Each platform has different strengths and weaknesses.

The VEX line is expensive and relatively closed. The platform is physically very reconfigurable and being targeted at middle and high school students is pretty robust. The IFI provided sensors are mechanically robust and easy to interface. The downside of being targeted at students is the platform is not easily extended. IFI / RobotC provide few opportunities to step outside the bounds of the RobotC development environment. The upside is, it is harder for a student to get too far afield. The downside is, it is harder for a student to bring new innovations to the platform.

The Redbot line is fully open and extensible. The schematics, board layouts, and platform components are open and documented on Sparkfun’s website. The Redbot is probably the least robust physically. The Redbot is a great development platform but with an eye towards high extensibility and low cost it is probably at the highest risk of taking a catastrophic hit in a competition. That said the Redbot might be the best price to performance platform of the four. The Redbot’s size makes it too big to qualify for mini sumo competitions.
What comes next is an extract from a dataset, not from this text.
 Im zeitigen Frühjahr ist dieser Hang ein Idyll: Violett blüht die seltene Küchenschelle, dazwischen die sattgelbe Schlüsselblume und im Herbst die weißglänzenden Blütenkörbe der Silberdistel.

The 3Pi platform is hands down the best choice for line following competitions. It is pretty much designed to be fast and excel at line following. The 3Pi is low to the ground, is probably the fastest by far of the four robots mentioned here, and has a built in integrated line sensing array. The 3Pi platform provides for some extensibility. The 3Pi can be readily extended with sensors and other electronics but the motion platform is pretty fixed. Pololu sells a prototyping shield for adding sensors and other electronics. They also sell replacement motors with different gear ratios to achieve different speed to torque characteristics, but that is about it. Two wheel pivot steering with a caster is pretty much all you get. The 3Pi also requires a pretty clean and unobstructed field. The wheels are on the smaller side and not made for climbing or rough surfaces. If you are doing line following, maze solving, swarm bots, stuff that relies mostly on interesting software solutions and limited environmental interactions the 3Pi is the way to go.
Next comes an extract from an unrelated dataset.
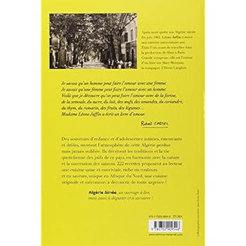 Des souvenirs d'enfance et d'adolescence intimes, émouvants et drôles, recréent l'atmosphère de cette Algérie perdue mais jamais oubliée. Ils décrivent les traditions et la vie quotidienne des juifs de ce pays, en harmonie avec la nature et la succession des saisons. 222 recettes proposent au lecteur une cuisine saine et conviviale, riche en couleurs et en saveurs, unique en Afrique du Nord, une cuisine originale et méconnue, à découvrir de toute urgence !

The final robot I actively use is the Pololu Zumo. This bot is specifically a mini sumo pusher bot. Like the 3Pi, the Zumo is optimized for mini sumo competitions. Like the 3Pi the physical platform is not readily extended. The mini sumo rules limit the weight and footprint of the bot, so large physical changes to the bot are probably not in the cards anyhow. The Zumo allows for some sensor extension but the base platform with the sensor array consumes most of the available IO of the 328p microcontroller. Like the 3Pi the motors can be changed to achieve different gear ratios. Also similar to the 3Pi the Zumo relies on two motor slip skid steering. The Zumo is a tracked platform and has a pretty good grip but again like the 3Pi it requires a relatively smooth obstruction free playing field.

Each of these robots solves a different problem in a different way. For line following competitions and newer roboticists the 3Pi is the way to go. For mini sumo the Zumo is great platform. For the home hobbyist the Redbot is probably the best answer. For a more physically extensible and more powerful (and significantly more costly) platform the VEX line is the way to go.

In the end all of the robots are great solutions each with it’s individual strengths and weaknesses. Pick the one that best fits your style or target competition and go for it!